News / Asia

    Japanese Panel Spreads Blame for Fukushima Disaster

    Workers are trying to remove unused nuclear fuel assemblies stored in the spent fuel pool tsunami-crippled Fukushima Daiichi Nuclear Power Plant No. 4 reactor building, July 19, 2012.
    Workers are trying to remove unused nuclear fuel assemblies stored in the spent fuel pool tsunami-crippled Fukushima Daiichi Nuclear Power Plant No. 4 reactor building, July 19, 2012.
    TOKYO — An investigative panel has concluded the last of a series of high-profile reviews of last year’s accident at the Fukushima Daiichi nuclear power plant. The report criticizes actions by the plant’s operator, the government and industry regulators.  

    The 12 members of a panel appointed by the Japanese Cabinet interviewed 770 people in the past year.
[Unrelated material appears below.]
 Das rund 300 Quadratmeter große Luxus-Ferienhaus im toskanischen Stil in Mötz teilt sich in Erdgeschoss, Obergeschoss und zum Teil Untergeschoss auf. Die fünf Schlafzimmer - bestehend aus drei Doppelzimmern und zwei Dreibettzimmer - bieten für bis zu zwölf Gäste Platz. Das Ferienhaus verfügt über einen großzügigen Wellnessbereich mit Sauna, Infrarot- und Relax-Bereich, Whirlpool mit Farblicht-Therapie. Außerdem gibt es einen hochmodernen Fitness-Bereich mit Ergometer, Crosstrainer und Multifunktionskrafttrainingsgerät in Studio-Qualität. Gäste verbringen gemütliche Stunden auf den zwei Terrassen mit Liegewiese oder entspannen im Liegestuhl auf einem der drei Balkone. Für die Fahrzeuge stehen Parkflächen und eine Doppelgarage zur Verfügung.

They include government officials, Tokyo Electric Power Company employees and some of the 160,000 residents forced to evacuate their homes.
    Panel chairperson, Yotaro Hatamura, says the Fukushima accident illustrates the results of Japan’s reliance on what he calls the myth of nuclear safety.
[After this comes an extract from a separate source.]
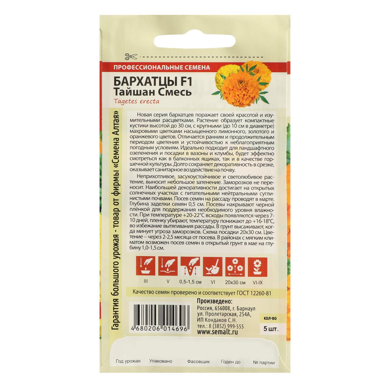 Семена цветов Бархатцы "Тайшан", смесь, Сем. Алт, ц/п, 5 шт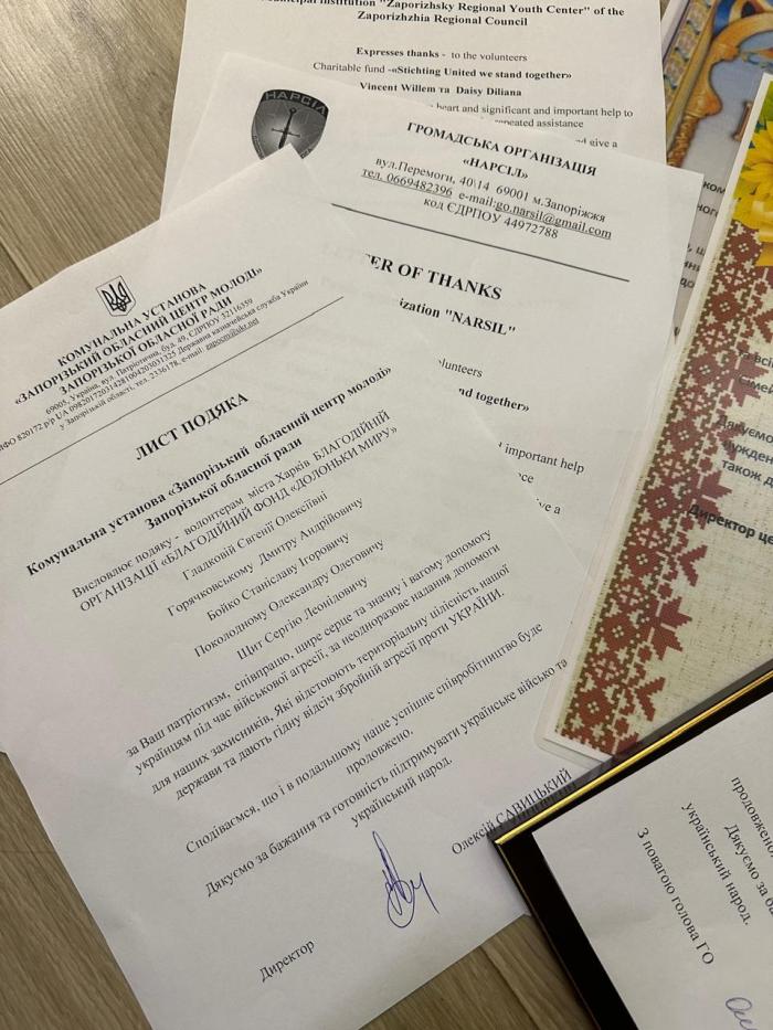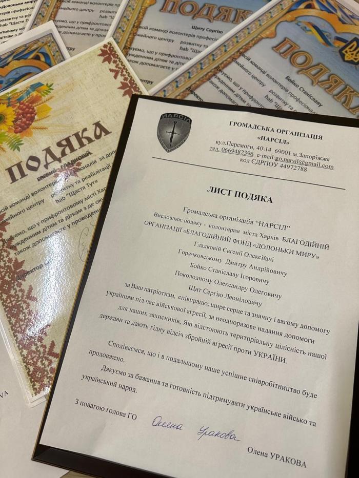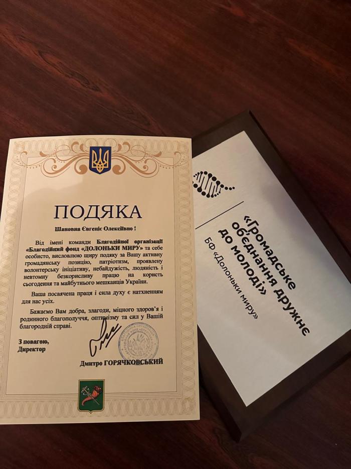 З нагоди Міжнародного дня волонтера провідна наукова співробітниця науково-дослідної лабораторії соціально-психологічного супроводу та реабілітації працівників МВС ННІ №3 ХНУВС Євгенія Гладкова, яка другий рік поспіль є волонтером фонду, була відзначена Подякою від директора Благодійної організації «Благодійний фонд «Долоньки миру»» Дмитра Горячковського за активну громадянську позицію, патріотизм, проявлену волонтерську ініціативу, небайдужість, людяність і невтомну безкорисну працю заради майбутнього України. Разом до перемоги!

    In a reference to last year’s tsunami, initially described by the plant’s operator as an “unforeseen threat,” Hatamura urges authorities to remain humble towards any potential risk and to prepare for the worst.

    The report says Japan’s main regulatory body, the Nuclear and Industrial Safety Agency, was too confident in the nuclear plant's ability to withstand a severe accident. It says this sort of attitude prevented the agency from adopting a pro-active stance on safety issues.
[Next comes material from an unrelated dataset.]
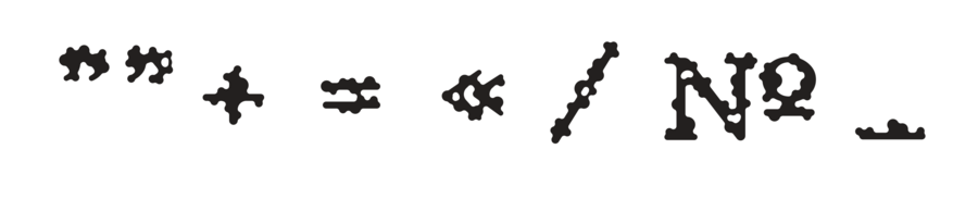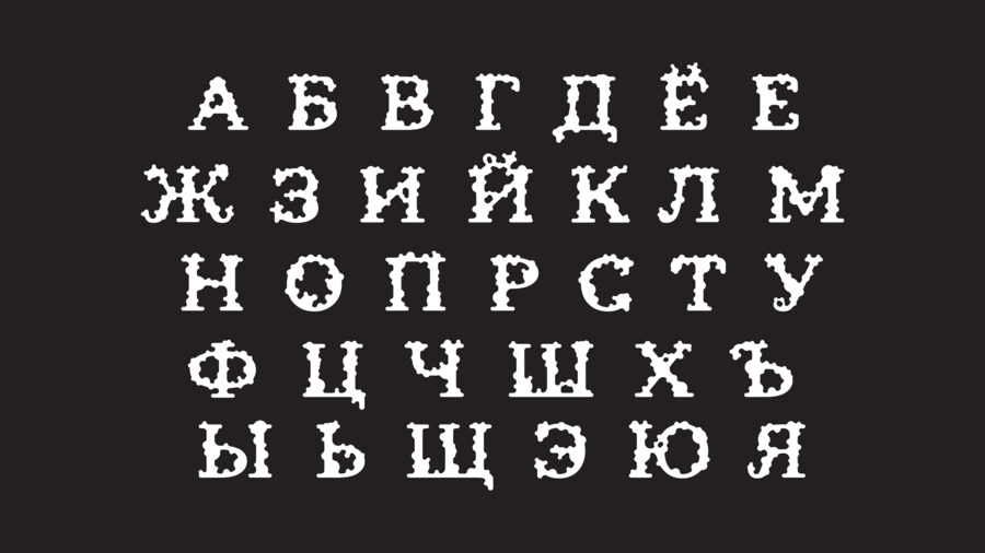 Шрифт также имеет более «разросшееся» начертание в двух вариациях — с заполненными пустотами скелета буквы и без.

    The panel members also focus on the government’s response to the Fukushima accident, saying important decisions were missed because officials spent too much time micro-managing the situation. Authorities are accused of misleading the public by suppressing, and later denying, the possibility of a meltdown.

    One member of the panel urged all concerned parties to look beyond individual responsibilities and to see the accident as the product of a flawed system. The investigators underline that much more needs to be done to understand what exactly happened at Fukushima Daiichi.